Task statement
Write out the records below from the first line through the line containing "他们的工作,以及另一位诺奖物", leaving out any pictures.

(Items from a dataset)

▼

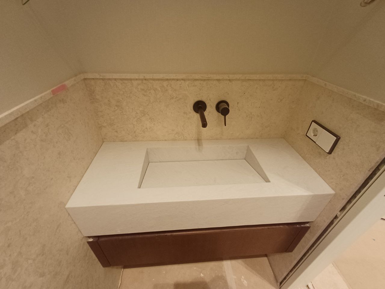 - Глубокой чашей, фрезерованной из цельного кварцевого массива;
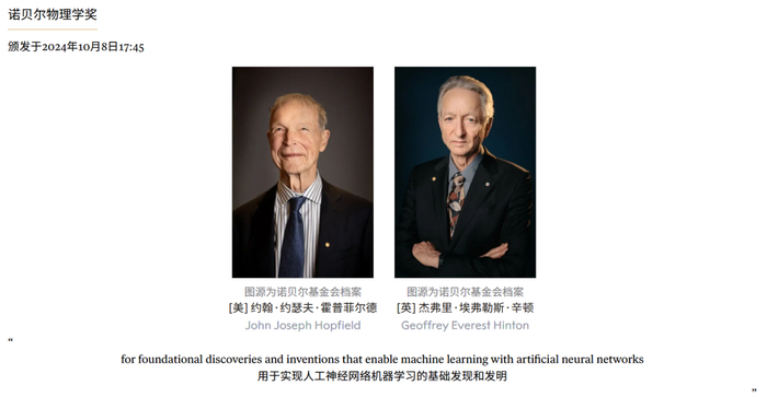 他们的工作,以及另一位诺奖物理学奖得主约翰·霍普菲尔德(John Hopfield)等神经网络先驱的早期研究,共同奠定了现代人工智能发展的基础。
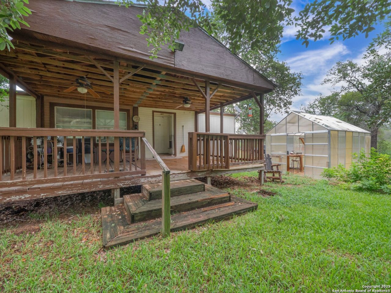 This 3-bedroom, 2-bath home offers 1,920 sq ft of living space, situated on a sprawling 8.42-acre lot. The layout includes a covered 14 x 24 front porch and a partially covered 12 x 24 back porch -ideal for enjoying the surrounding wildlife and the shade of a majestic oak tree. Cozy up by the double-sided wood-burning fireplace that warms both the living and formal living areas. Enjoy the charm of original finishes throughout, complemented by new carpet in the bedrooms and well-maintained flooring throughout the rest of the home. The spacious owners suite features an ensuite bath with a walk-in shower, separate vanities, and a jetted garden tub - creating a private retreat for relaxation. A patio deck at the back of the home, accessible from the dining area, offers the perfect spot for entertaining or simply enjoying the peace and quiet of the outdoors. Ideal for hobbyists or those needing storage, this property features a 16 x 20 detached garage with workshop, complete with power, water, and A/C. Additional outbuildings include two large carport-style metal structures (28 x 35 and 30 x 45, tall enough for RVs or boats) and two storage sheds. A utility-ready hot tub pad with power is in place. All appliances stay, and utilities include city water, Medina Electric, propane for the water heater and gas stove, and electric for everything else. Key updates include a 2009 roof, 2015 A/C unit, and a 7-year-old water heater. A versatile property with room to grow, live, and explore.
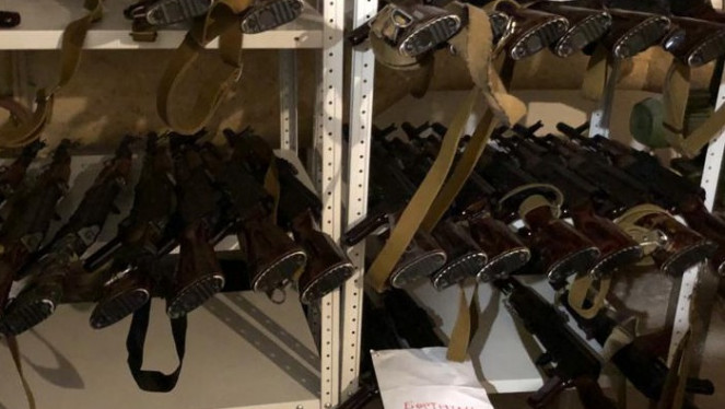У чоловіка вилучили кілька автоматів, рушниць, пістолетів, магазинів, ракетниць, реактивних протитанкових гранат, порохових двигунів, по...
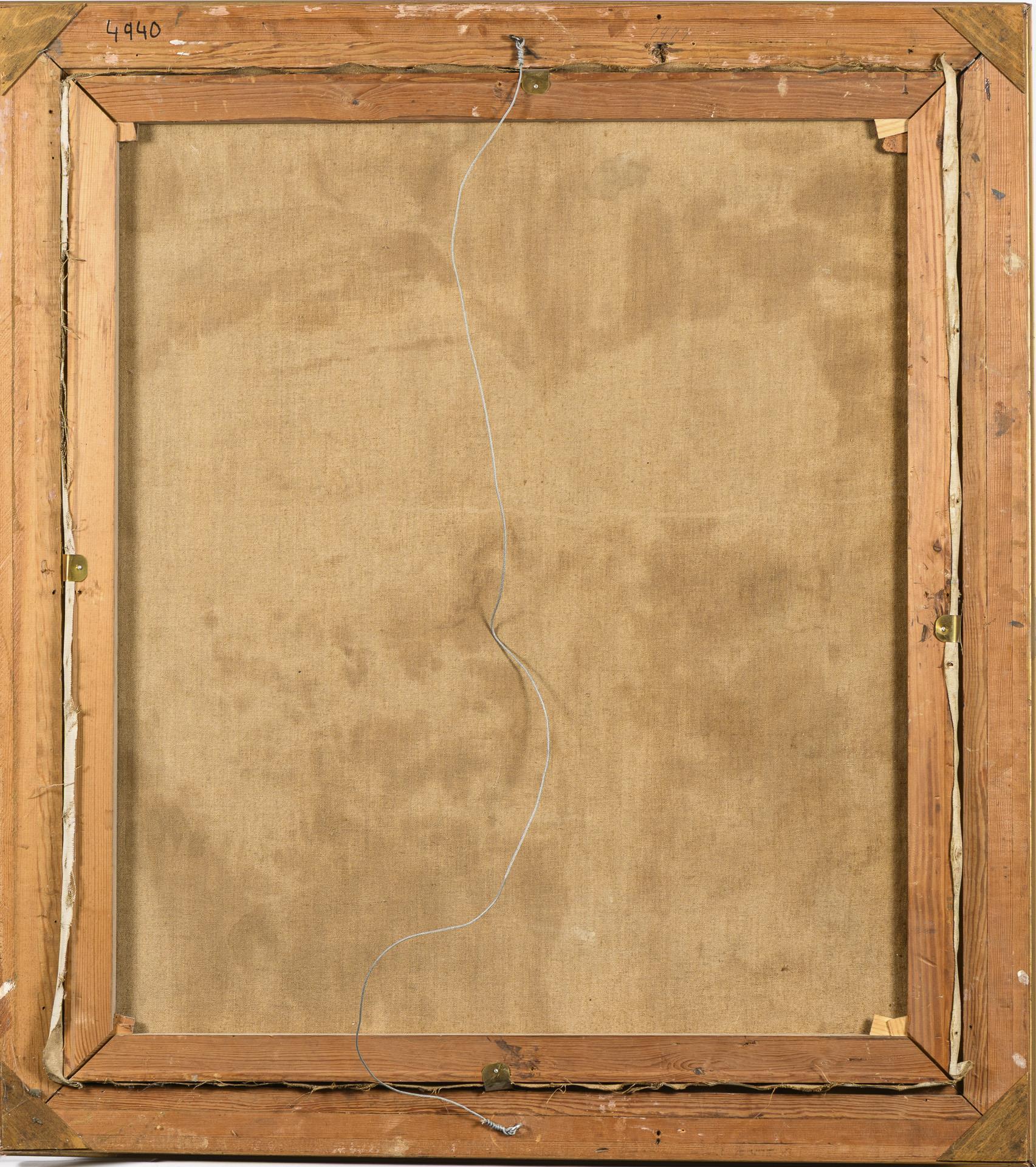 84.5 x 95.5 cm. Framed : 100 x 111 cm (gold stucco frame).

▲

Task result
 - Глубокой чашей, фрезерованной из цельного кварцевого массива;
 他们的工作,以及另一位诺奖物理学奖得主约翰·霍普菲尔德(John Hopfield)等神经网络先驱的早期研究,共同奠定了现代人工智能发展的基础。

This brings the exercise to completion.